Firmer finish for ASX, Afterpay (ASX:APT) on fire, China exports surprise

The ASX200 (ASX:XJO) finished another 0.4% higher on Thursday with Afterpay (ASX:APT) a key contributor, jumping 9.7% and sending the entire tech sector up 4.7% for the session.

The trigger appeared to be the listing of US competitor Affirm (NASDAQ:AFRM), which jumped 98% upon listing and seems to be bringing the Buy Now Pay Later to the mainstream for US investors.

  • Selling pressure continues to come from the materials sector, which fell 0.7% as the recent momentum in iron ore prices slows sending Fortescue Metals (ASX:FMG) down 1.6%.

    Staying with tech, homegrown healthcare specialist Pro Medicus (ASX:PME) founded by current CEO Sam Hupert continued its strong recent run adding 15.0% after signing another major contract in the US.

    PME provides image and data sharing solutions for radiologists and similar specialists, with the seven-year $40 million deal with Intermountain Healthcare allowing the company to enter an important region in the US.

    The deal markets the fifth such win in just six months as the company moves from growth to scale and profitability.

    Australian Ethical (ASX:AEF) assets hit $5 billion, Centuria devalues offices, Tyro (ASX:TYR) feeling the heat

    The Centuria Office REIT (ASX:COF) held steady after devaluing their $2.3 billion portfolios of offices by just 0.8% or $17 million.

    According to management, external valuations were completed on 13 of the funds 23 properties, which are spread across the country, but valuations barely changed.
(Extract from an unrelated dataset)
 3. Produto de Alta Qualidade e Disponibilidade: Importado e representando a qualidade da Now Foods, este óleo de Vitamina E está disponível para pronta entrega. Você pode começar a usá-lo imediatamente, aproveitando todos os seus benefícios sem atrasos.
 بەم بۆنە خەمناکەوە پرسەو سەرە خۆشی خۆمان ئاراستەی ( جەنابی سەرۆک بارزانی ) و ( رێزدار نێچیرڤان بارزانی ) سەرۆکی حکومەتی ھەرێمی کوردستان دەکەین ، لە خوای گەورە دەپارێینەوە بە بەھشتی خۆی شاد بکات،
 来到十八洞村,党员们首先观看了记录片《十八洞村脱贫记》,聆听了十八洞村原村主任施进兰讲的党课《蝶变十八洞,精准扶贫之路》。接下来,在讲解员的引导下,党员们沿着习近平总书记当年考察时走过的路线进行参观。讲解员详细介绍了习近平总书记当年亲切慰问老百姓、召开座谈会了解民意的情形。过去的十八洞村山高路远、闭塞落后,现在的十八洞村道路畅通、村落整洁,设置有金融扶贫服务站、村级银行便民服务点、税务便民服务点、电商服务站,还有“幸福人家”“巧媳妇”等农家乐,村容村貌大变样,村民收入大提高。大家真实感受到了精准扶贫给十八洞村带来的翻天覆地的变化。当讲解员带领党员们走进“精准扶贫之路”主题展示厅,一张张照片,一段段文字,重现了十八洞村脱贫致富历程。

    This seems a little hopeful with offices around the country still deserted, employees preferring to work from home, and now bond rates heading higher in recent weeks.

    On a more positive side, Australian Ethical Investments (ASX:AEF) which I must disclose I am an investor in, reported that they had finally reached $5 billion in assets under management, a target set in 2015 when they managed just $1.5 billion.
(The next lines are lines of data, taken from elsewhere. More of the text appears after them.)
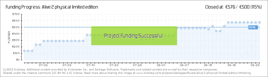 We are so glad to announce that we reached 98% of our campaign, just one more contributor and the physical limited edition of Alive 2 will be reality! Also, the Alive 2 full game Steam page is... (Read More)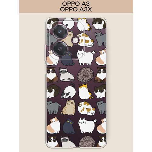 Чехол на Oppo A3/A3x / Оппо А3/A3x с принтом Милые котики, прозрачный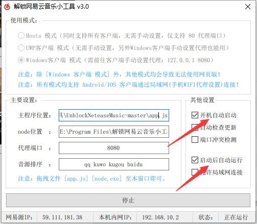修复了启动失败的问题(UnblockNeteaseMusic版本过期)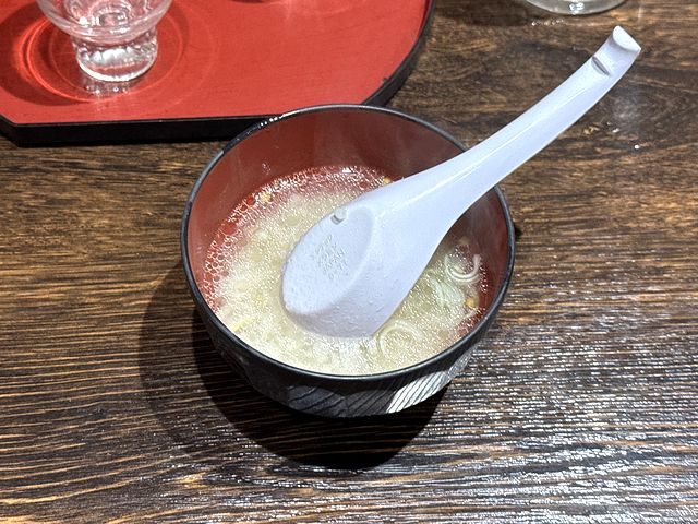 で、目の前で作っているところを見ていましたが、貝殻に移す前に、鍋でしっかりと練るように、卵と味噌に火を通していたのが印象的。お陰で口当たりが滑らかで、味噌と卵が口の中に広がります。ネギのアクセントも良いですね。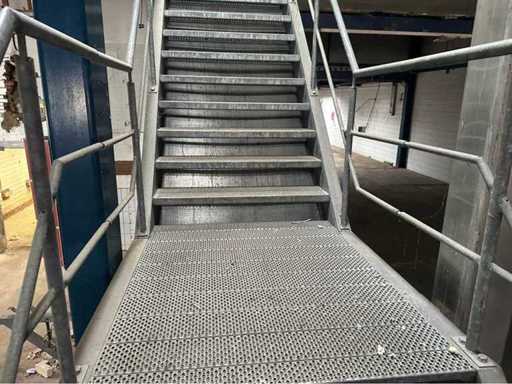 Landing height 5 meters; stairs are a total of 137cm wide; step is 120cm wide; The bottom of the stair closed plate is no longer included; Stairs are disassembled ready for transport.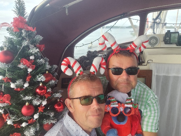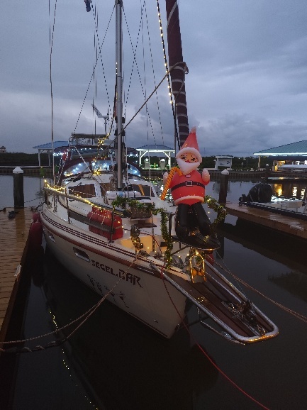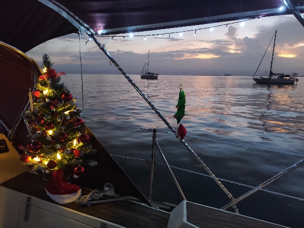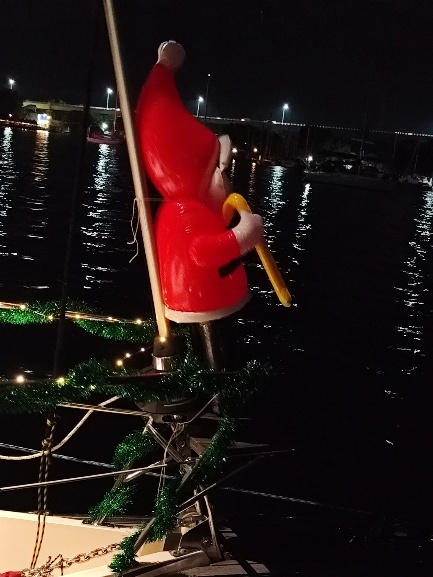 Unsere offizielle Abreisezeit ist Montag, der 15.12., um 6:30h. Da zu dem Zeitpunkt die Behörden noch geschlossen haben, können wir die Formalitäten schon 2 Tage vorher erledigen. Als Tom zurückkommt, hat auch die erste Weihnachtsdeko ihren Platz an Bord gefunden.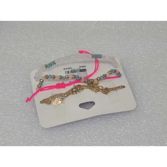 Claire's Bracelet Set of 4 Beads Chain Pink / Blue / Gold
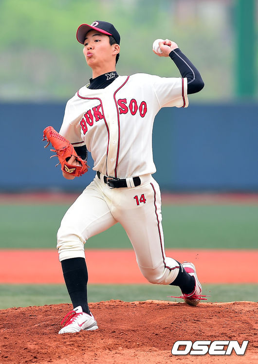 26일 오전 서울 신월야구장에서 열린 '2014 고교야구 주말리그' 덕수고와 배재고의 경기, 4회말 무사 1루 덕수고 이재혁이 마운드에 올라 역투하고 있다.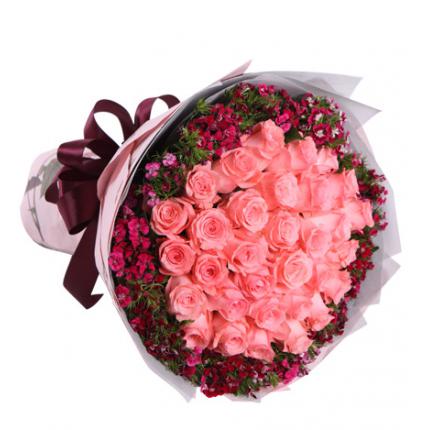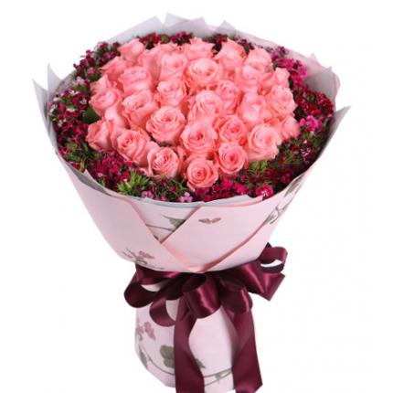 材料:33朵戴安娜粉玫瑰,搭配石竹梅围绕点缀。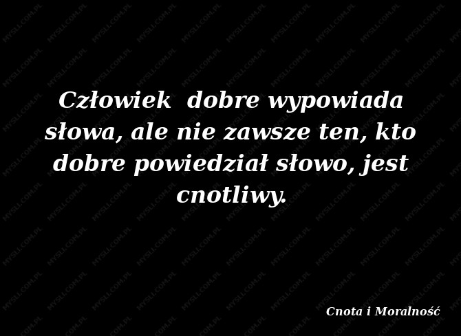 Człowiek dobre wypowiada słowa, ale nie zawsze ten, kto dobre powiedział słowo, jest cnotliwy.

    The group which offers ethically focused superannuation, Australian and global equity products saw record inflows of $420 million in the first half of the financial year; shares were 1.5% higher.

    The Chinese continue to buck the global trend, reporting an 18.1% increase in exports on 2020 levels, well above estimates of 15%, with the global restocking of inventory clearly benefitting the economy.
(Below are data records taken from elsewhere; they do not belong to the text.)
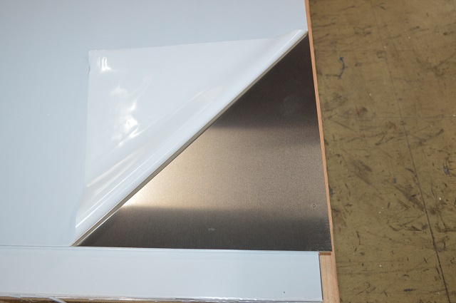 アルミー銅系合金板(A2017P) 片面保護シート付き 表面の保護シート(白色)をはがした際、保護シートの粘着ノリが付着している場合があります。その際にはお手数ですが、シンナーやアルコール等で除去してください。 |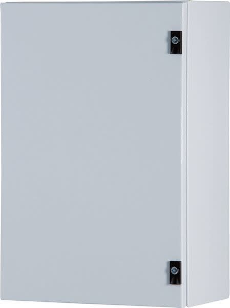 Cassetta composta da corpo, porta cieca esterna, piastra interna fissata sul retro e piastra passacavi • Corpo in lamiera pressopiegata e saldata sp. 12-15/10 • Porta in lamiera sp. 15-20/10 • Piastra interna in lamiera sp. 15-20/10 sendzimir • Guarnizioni, poliuretaniche applicate in colata continua • Cerniere reversibili con apertura 110° • Serratura con impronta doppia aletta • Verniciatura con polveri epossipoliestere termoindurenti in tinta RAL7035 bucciato • Grado di protezione IP 66 - TYPE 4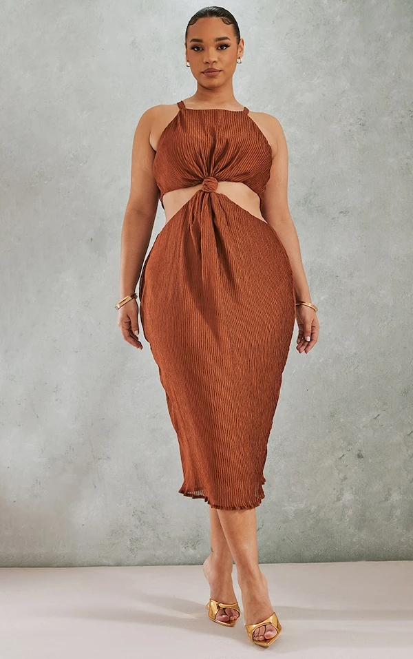 Plus Robe mi-longue plissée chocolat à détail noeud

    US falls ahead of Biden speech, Trump impeached, record profits for TSMC 

    US markets have fallen ahead of an impending ‘stimulus’ speech by President-Elect Biden, which the potential for another US$2 trillion in stimulus flagged.

    The S&P500 fell 0.4% and the Nasdaq 0.1%, with value sectors including airlines and energy the key outperformers.

    Donald Trump was impeached for the second time after Republicans voted against the President in the House, with a Senate hearing to be held in the coming weeks.

    On a positive side, the US Treasury Department has blocked an attempt to ban US investors from holding the major Chinese tech names including Alibaba (HKG:9988), Tencent (HKG:0700), and Baidu (NASDAQ:BIDU) all of which rallied by over 5.0%.

    Sticking with the technology theme, the global leader in semiconductor manufacturing TSMC (2330:TPE) reported record quarterly revenue and profit on the back of huge demand for their fast chips from new 5G handsets, profit hitting US$5.1 billion, a 23% increase; shares finished 2.2% lower.

    Investment manager Blackrock (NYSE:BLK) reported US$185 billion of inflows into their iShares ETF products in the December quarter taking total assets under management to US$8.68 trillion, with every style region and product type gaining funds; shares fell 5.0% on concern that margins were shrinking.